Wednesday, March 28, 2012

Cookies

Our toddler has been asking for cookies alot lately. As in, the requests start rolling in well before breakfast (while we're drinking maté). Rather than saying no all the time, I've started looking for recipes and making somewhat healthier ones. Carrot cookies and Company Muffins from Simply in Season are really quite good. I use yogurt for much of the butter in carrot cookies, which makes them a bit cake-y; they're great straight out of the freezer.

Yesterday I tried a new recipe: Oatmeal Peanut Butter cookies (adapted from here).

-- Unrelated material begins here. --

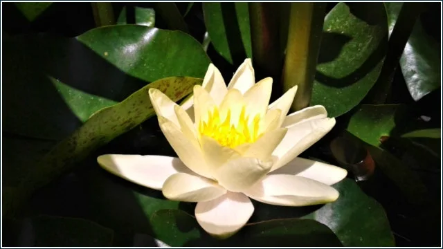 폭염 고스란히 내리는 분수대 연못에는 빡빡한 수초 사이로 수련 함초롬 피어있었다.
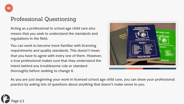 Como está comenzando su trabajo en un programa con licencia para el cuidado de niños en edad escolar, puede demostrar su profesionalismo haciendo muchas preguntas sobre cualquier cosa que no le resulte clara.

Bananas and just a bit of honey provide all the sweetness. Well, that and the chocolate chips :)


OATMEAL PEANUT BUTTER COOKIES

2 ripe bananas

1/3 cup peanut butter

2 tbsp 2% milk

1 tsp vanilla extract

2 tbsp agave nectar (I used honey)

1 large egg

2 1/2 cups quick-cooking or rolled oats

1/4 cup whole wheat flour

Handful of chocolate chips

Preheat oven to 350°F. Make banana puree by mashing the bananas with a fork until smooth. Whisk in the peanut butter, milk, vanilla, honey, and egg. Add the remaining ingredients and stir until well combined. Drop dough onto a greased cookie sheet; flatten slightly. Bake 10-15 minutes.


And since we hover at the edges of bobo-ism (minus the income), I have to mention that these cookies are largely local for us: Bananas from the MCC yard (sometimes); peanut butter made by one of our MCC colleagues, probably using Mennonite-grown peanuts; whole wheat flour grown and processed by friends of rural MCCers; eggs and milk (all 2 tablespoons of it) from a former, long-time MCCer's farm, and the honey brought last weekend by our friends, in the Guaraní village of Caipepe. The photo below shows MCC worker Patrocinio Garvizu leading a honey bee workshop in Caipepe last year.



So there you have it. It's actually quite necessary to eat cookies.

p.s. My cookies look nothing like the photo above (maybe because the gas ran out halfway through baking....?)

1 comment:

Anonymous said...

hooray for gas ovens! They do run out at odd times. Don't they?
An event like that always remembers me about Aunt Leonora's crazy cake. She said the day she decided it truly was crazy cake was the day the gas ran out and she had to wait until Uncle Jim got home several hours later to relight the oven... and the cake was just as good as ever.